## DESCRIPTION OF THE TASK:
A verbatim repetition of the data below is requested, without images.

## MATERIAL FOR THIS EXERCISE:
Segment Open
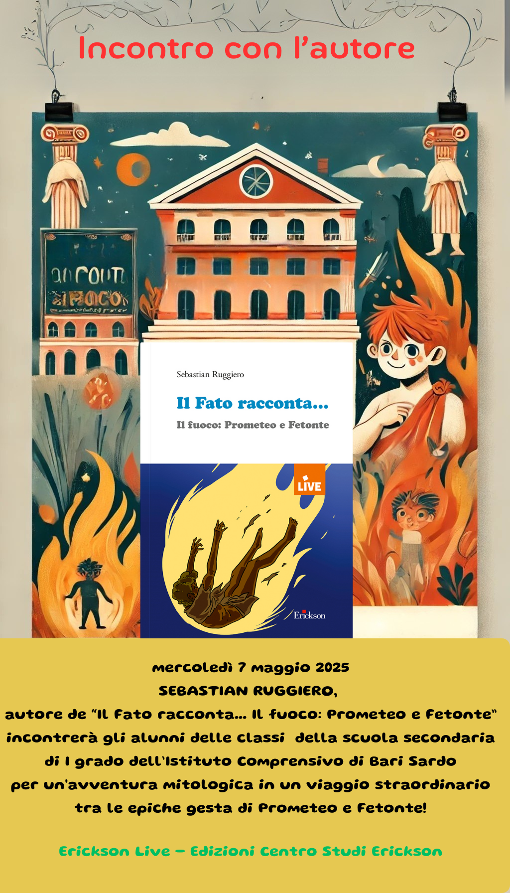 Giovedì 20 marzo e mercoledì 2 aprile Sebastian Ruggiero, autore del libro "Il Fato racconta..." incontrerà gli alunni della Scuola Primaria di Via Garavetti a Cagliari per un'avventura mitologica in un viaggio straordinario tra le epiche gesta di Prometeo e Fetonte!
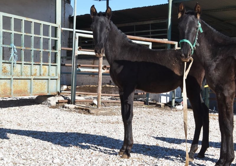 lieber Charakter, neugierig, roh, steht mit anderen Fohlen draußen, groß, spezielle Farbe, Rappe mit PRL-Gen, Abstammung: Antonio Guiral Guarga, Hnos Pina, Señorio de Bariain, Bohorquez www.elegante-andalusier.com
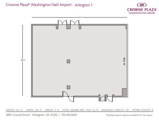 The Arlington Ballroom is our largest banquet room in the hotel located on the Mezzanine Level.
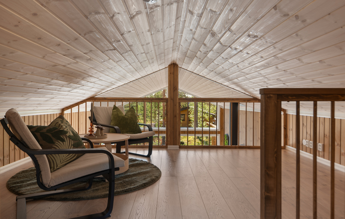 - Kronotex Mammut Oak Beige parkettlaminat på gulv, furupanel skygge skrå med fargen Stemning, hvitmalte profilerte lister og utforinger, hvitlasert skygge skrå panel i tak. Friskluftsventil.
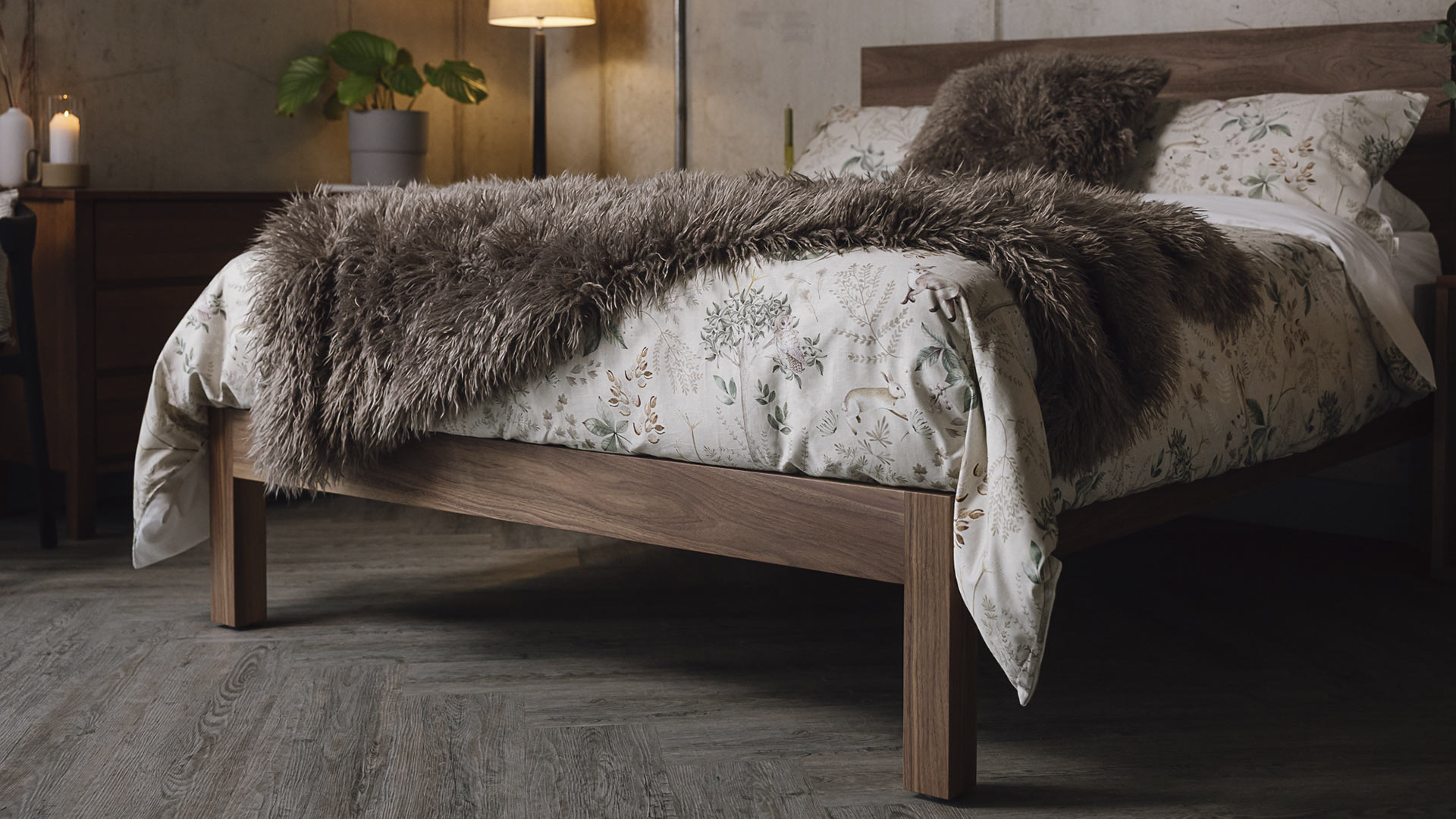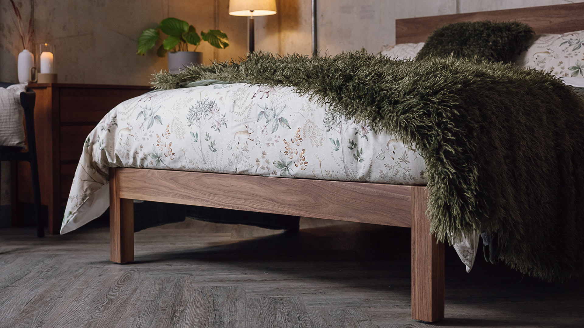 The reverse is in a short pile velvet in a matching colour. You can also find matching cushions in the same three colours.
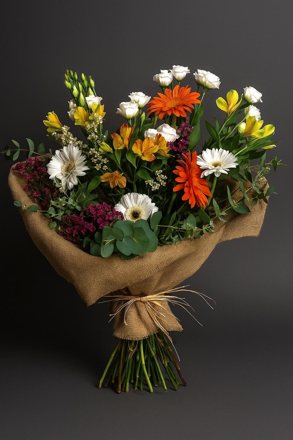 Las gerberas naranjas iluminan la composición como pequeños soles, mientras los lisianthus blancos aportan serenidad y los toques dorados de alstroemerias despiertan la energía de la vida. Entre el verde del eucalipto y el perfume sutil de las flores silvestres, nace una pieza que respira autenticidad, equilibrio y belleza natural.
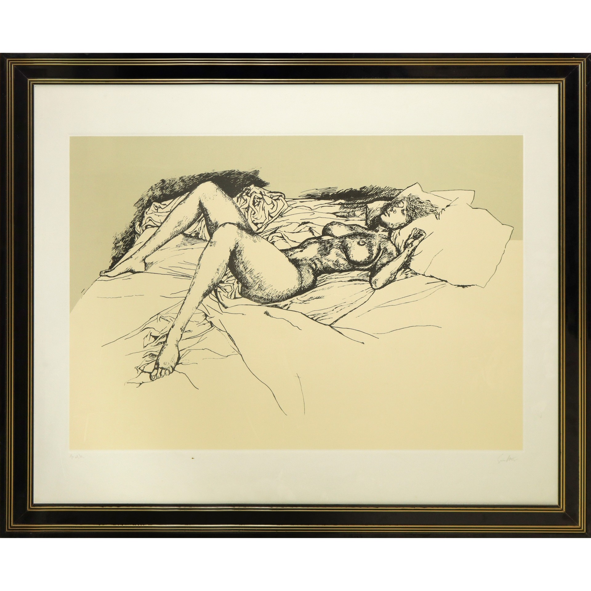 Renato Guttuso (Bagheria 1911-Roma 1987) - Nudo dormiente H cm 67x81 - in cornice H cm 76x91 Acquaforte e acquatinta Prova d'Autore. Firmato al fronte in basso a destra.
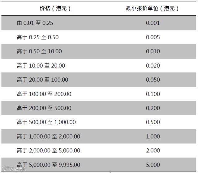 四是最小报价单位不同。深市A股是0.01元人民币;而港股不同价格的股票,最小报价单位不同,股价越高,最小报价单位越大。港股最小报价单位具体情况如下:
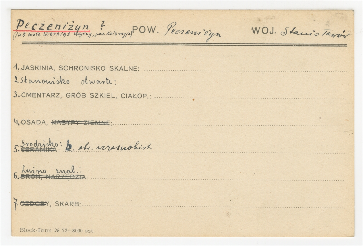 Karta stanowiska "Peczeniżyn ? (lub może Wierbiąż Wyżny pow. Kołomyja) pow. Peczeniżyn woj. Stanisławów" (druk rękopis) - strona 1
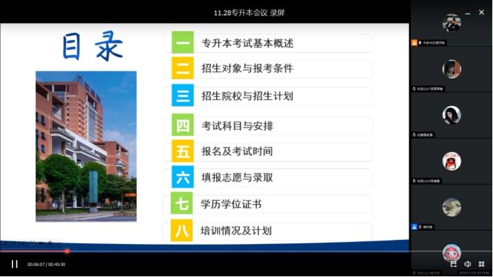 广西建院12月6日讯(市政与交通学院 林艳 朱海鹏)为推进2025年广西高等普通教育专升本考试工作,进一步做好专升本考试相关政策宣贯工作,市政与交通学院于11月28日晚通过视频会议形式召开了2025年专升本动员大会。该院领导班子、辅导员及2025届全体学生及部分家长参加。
Segment Closed
## RESULT FOR THIS TASK:
 Giovedì 20 marzo e mercoledì 2 aprile Sebastian Ruggiero, autore del libro "Il Fato racconta..." incontrerà gli alunni della Scuola Primaria di Via Garavetti a Cagliari per un'avventura mitologica in un viaggio straordinario tra le epiche gesta di Prometeo e Fetonte!
 lieber Charakter, neugierig, roh, steht mit anderen Fohlen draußen, groß, spezielle Farbe, Rappe mit PRL-Gen, Abstammung: Antonio Guiral Guarga, Hnos Pina, Señorio de Bariain, Bohorquez www.elegante-andalusier.com
 The Arlington Ballroom is our largest banquet room in the hotel located on the Mezzanine Level.
 - Kronotex Mammut Oak Beige parkettlaminat på gulv, furupanel skygge skrå med fargen Stemning, hvitmalte profilerte lister og utforinger, hvitlasert skygge skrå panel i tak. Friskluftsventil.
 The reverse is in a short pile velvet in a matching colour. You can also find matching cushions in the same three colours.
 Las gerberas naranjas iluminan la composición como pequeños soles, mientras los lisianthus blancos aportan serenidad y los toques dorados de alstroemerias despiertan la energía de la vida. Entre el verde del eucalipto y el perfume sutil de las flores silvestres, nace una pieza que respira autenticidad, equilibrio y belleza natural.
 Renato Guttuso (Bagheria 1911-Roma 1987) - Nudo dormiente H cm 67x81 - in cornice H cm 76x91 Acquaforte e acquatinta Prova d'Autore. Firmato al fronte in basso a destra.
 四是最小报价单位不同。深市A股是0.01元人民币;而港股不同价格的股票,最小报价单位不同,股价越高,最小报价单位越大。港股最小报价单位具体情况如下:
 Karta stanowiska "Peczeniżyn ? (lub może Wierbiąż Wyżny pow. Kołomyja) pow. Peczeniżyn woj. Stanisławów" (druk rękopis) - strona 1
 广西建院12月6日讯(市政与交通学院 林艳 朱海鹏)为推进2025年广西高等普通教育专升本考试工作,进一步做好专升本考试相关政策宣贯工作,市政与交通学院于11月28日晚通过视频会议形式召开了2025年专升本动员大会。该院领导班子、辅导员及2025届全体学生及部分家长参加。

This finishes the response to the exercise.